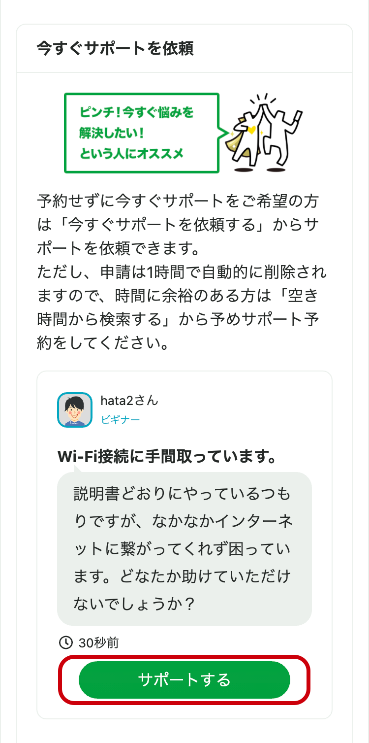 「今すぐサポートを依頼する」と「空き時間から探す」でサポート受付方法が異なります。
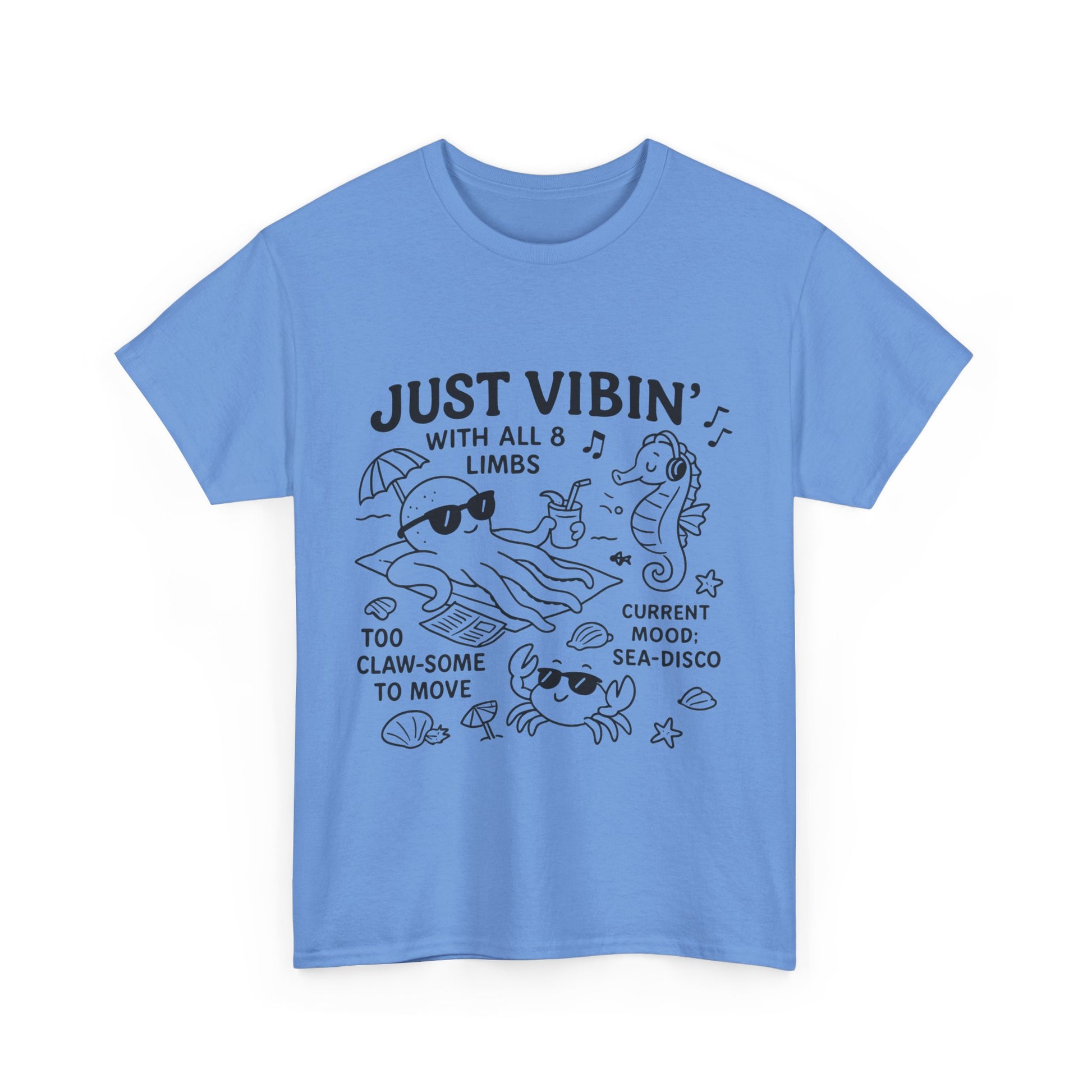 Just Vibin Womens T-Shirt, Cute Octopus & Sea Animals Graphic Tee, Funny Sea Disco Summer Shirt, Beach Vibes Gift for Her, Ocean Theme
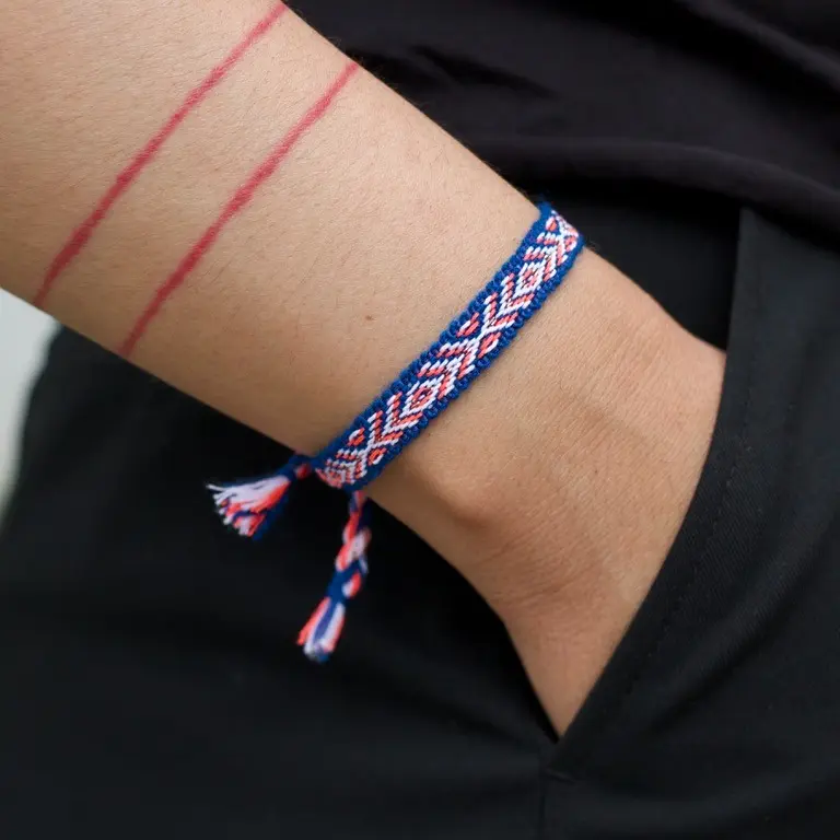• Woven slim bracelet, that lays flat on your wrist and is secured by the tie-on ties.

+++++

Exactly the lines from the one that contains "Just Vibin Womens" to the last line of the data, both included, should be set down, and no pictures should appear among them.

 Just Vibin Womens T-Shirt, Cute Octopus & Sea Animals Graphic Tee, Funny Sea Disco Summer Shirt, Beach Vibes Gift for Her, Ocean Theme
• Woven slim bracelet, that lays flat on your wrist and is secured by the tie-on ties.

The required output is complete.